As large patches of buddleia are reduced to bare stems throughout the region, forest growers and biosecurity managers are applauding the miniature culprit responsible for the damage.
The Chinese weevil, Cleopus japonicus was released in 2006 by Crown Research Institute Scion as a sustainable weed control measure.
Scion identified the Cleopus weevil as a suitable candidate for biological control because it eats buddleia and nothing else.
Since their release, the weevils have proceeded to strip buddleia bushes of their leaves.
Scion scientist Michelle Watson says this is exactly how biological control is supposed to work.
“The weevils are achieving similar damage to herbicides in late summer to autumn, but without the need to spray,” she says.
“We are getting reports from all over the Bay of Plenty that the weevil is spreading naturally and doing a great job of defoliating buddleia.'
Michelle says the most enthusiastic reports are coming from forest managers.
“Buddleia (Buddleja davidii) is one of New Zealand’s worst forestry weeds, costing the forest industry an estimated $3 million annually in lost production and control costs, so the weevil is very welcome.”
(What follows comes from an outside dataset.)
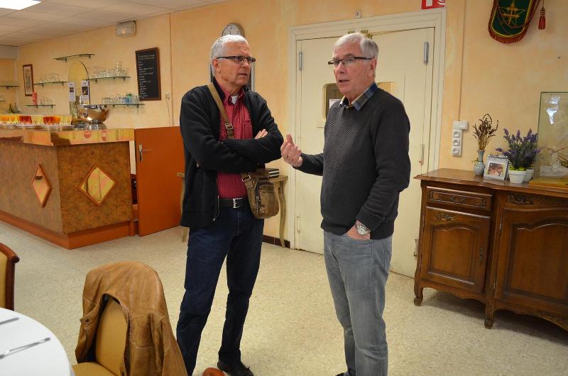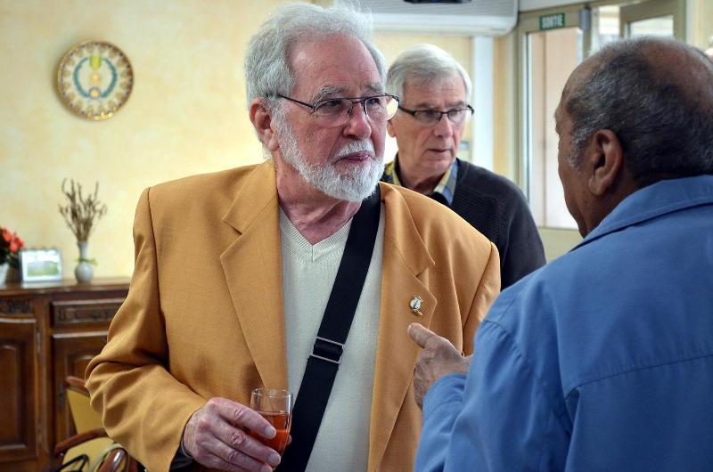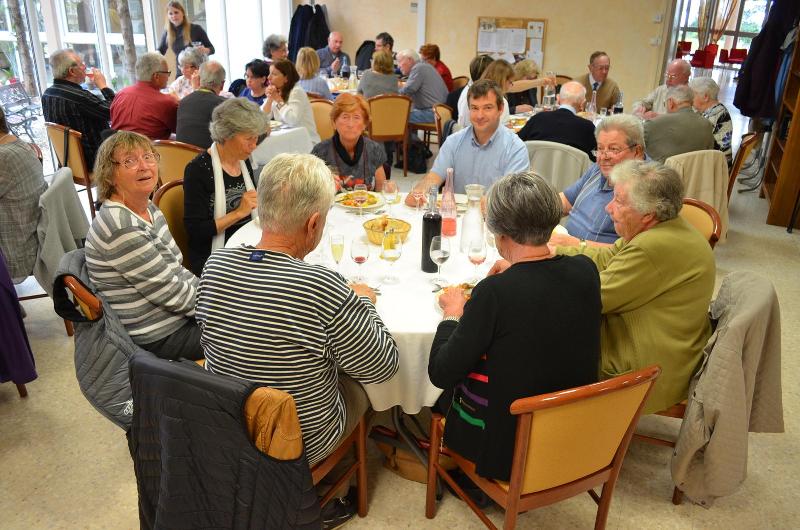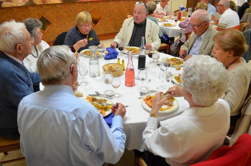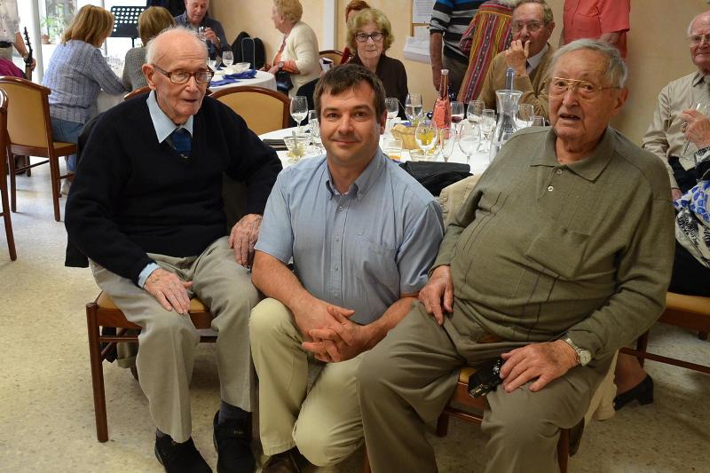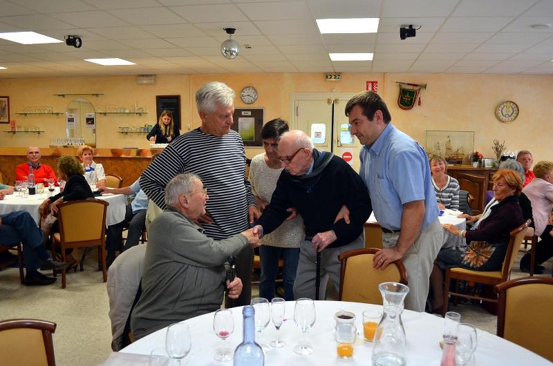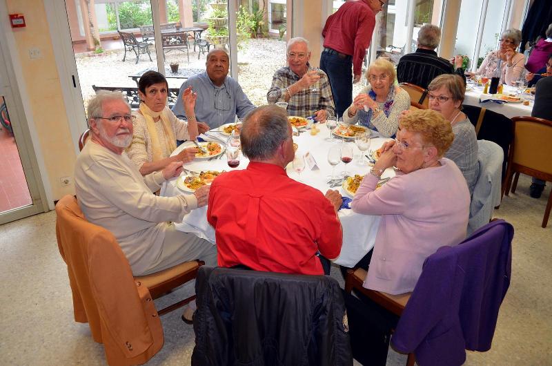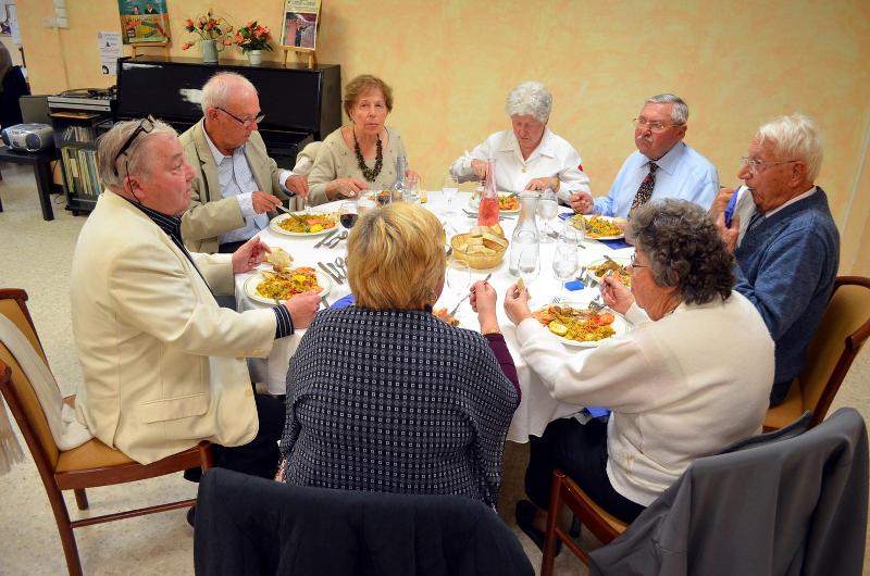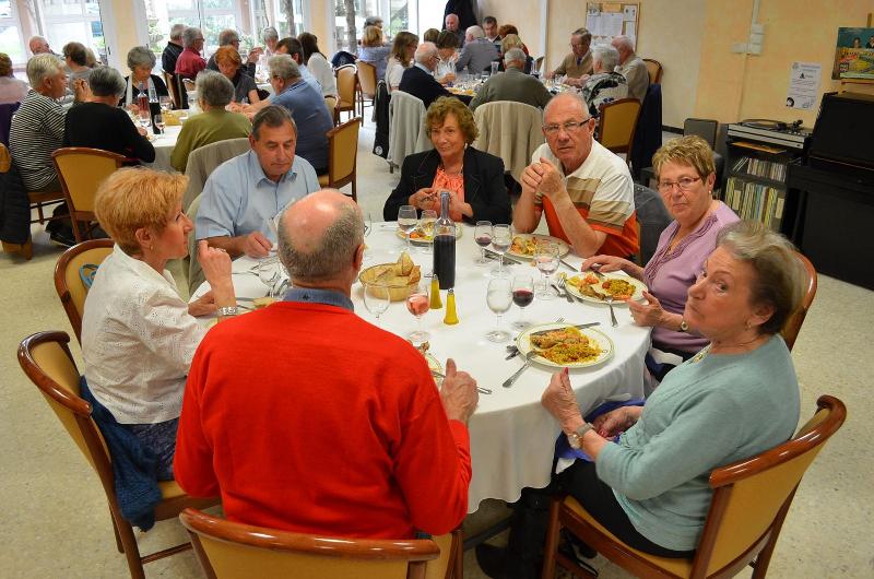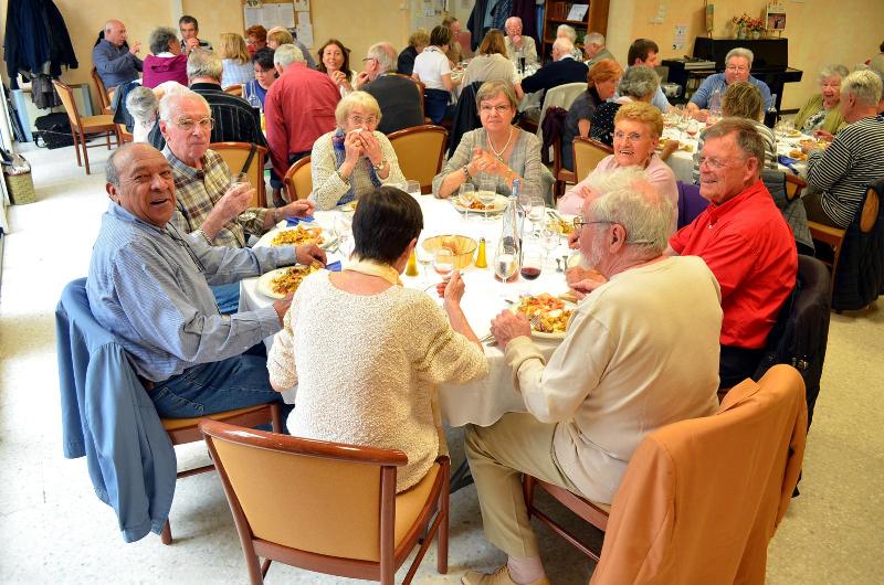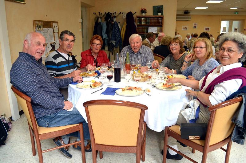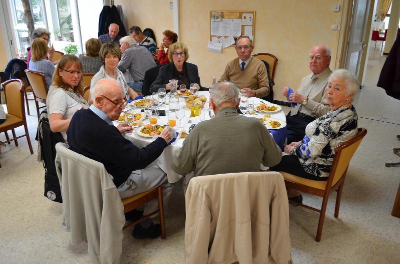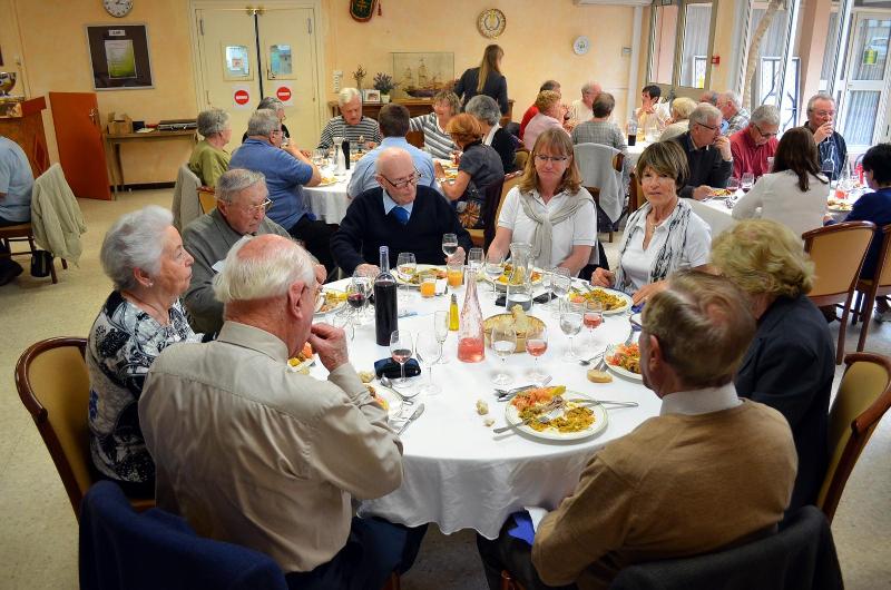 Faute de pouvoir bénéficier du magnifique cadre extérieur de la résidence de la Médaille Militaire, à Hyères, c'est à l'intérieur que la paella fut servie à la cinquantaire de membres de notre région provençale qui avaient répondu présents à notre invitation. Et parmi eux, comme à l'accoutumée, notre cadet, Didier Galipot, heureux de retrouver notre ancien, toujours fidèle au poste ! Mais celui-ci a été rejoint cette fois-ci par un autre ancien, Gérard Dutriez, qui participait à ce repas en tant qu'invité, mais allait aussitôt décider d'adhérer à notre amicale.

Not only is the weevil helping forest growers, it is also helping managers of public land.
Bay of Plenty Regional Council’s Land Resource Manager (Rotorua), Greg Corbett, says weevils are spreading widely throughout the region and causing significant feeding damage to buddleia plants on roadsides and riverbanks.
“This is very promising - if the weevil continues to thrive, buddleia may cease to be such a serious and costly weed in New Zealand.”
Buddleia was originally introduced to New Zealand as an ornamental plant and became a virilent weed due to its rapid growth rates and ability to colonise bare soil.
People who have various species of buddleia growing in their garden are likely to notice weevil damage.
These plants can be protected using standard pesticides if people want to retain them for ornamental purposes.